Barbara Ann Ferrell

Personal information
- Born: July 28, 1947 (age 78) Hattiesburg, Mississippi, U.S.

Medal record
Women's athletics
Representing the United States
Olympic Games
| Gold medal – first place | 1968 Mexico City | 4 × 100 metres relay |
| Silver medal – second place | 1968 Mexico City | 100 metres |
Pan American Games
| Gold medal – first place | 1967 Winnipeg | 100 metres |
Summer Universiade
| Gold medal – first place | 1967 Tokyo | 100 metres |
| Silver medal – second place | 1967 Tokyo | 200 metres |

= Barbara Ferrell =

American track and field athlete

Barbara Ann Ferrell, Mrs. Edmonson (born July 28, 1947, Hattiesburg, Mississippi) is an American former track and field athlete who competed mainly in the 100-metre dash. She was the U.S. national champion in that event in 1967 and 1969 and is a member of the U.S. National Track & Field Hall of Fame.

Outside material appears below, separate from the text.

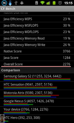 XDA的一位網友就寫出了一個強調專為多核心設計的效能測試程式,叫做CF-Bench,有免費以及付費版,免費版會有廣告。程式名稱:CF-Bench檔案大小:87k下載連結:https://market.android.com/details?id=eu.chainfire.cfbench截圖與簡介:點「Full Benchmark」測試中...測試結果出爐,測試機型為Google Nexus S。分...... [閱讀更多]

Ferrell competed for the United States at the 1968 Summer Olympics held in Mexico City, Mexico in the 100 metres, where she finished second to teammate and 1964 gold medalist Wyomia Tyus. She finished fourth in the 200 metres final. The two then joined with fellow Americans Margaret Bailes and Mildrette Netter to take the gold medal in the 4 × 100 m relay.

At the 1972 Summer Olympics in Munich, Germany, after a season in which she had been hampered by injury, Ferrell finished seventh in the 100 metres final, and was eliminated in the semifinals of the 200 metres.

She was named to the U.S. National Track & Field Hall of Fame in 1988 and, that same year, to the Mt. SAC Relays Hall of Fame.

Ferrell served as women's track coach at the University of Southern California, and while there became one of the few female coaches in an NCAA Division I program to handle both the men's and women's sprinters. She was named head coach for the women's track and field and cross country programs at the University of Nevada, Las Vegas in 2002. Ferrell, also known as Coach E, retired as the head track coach at San Marino High School and passed the position onto her former pupil Jeff Williams.

Ferrell obtained her bachelor's degree in sociology from California State College, Los Angeles, now California State University, Los Angeles, in 1969. She was inducted into the university's Athletics Hall of Fame in 1986.

She is married to former UCLA football and professional track great Warren Edmonson, who has served as head track and field coach at California State University, Dominguez Hills since 2002. While competing for St. Bernard High School, their daughters Malika and Miya were a key component of the school's national record-setting 4 × 100 metres relay team. Their record set in 1997 lasted for seven years.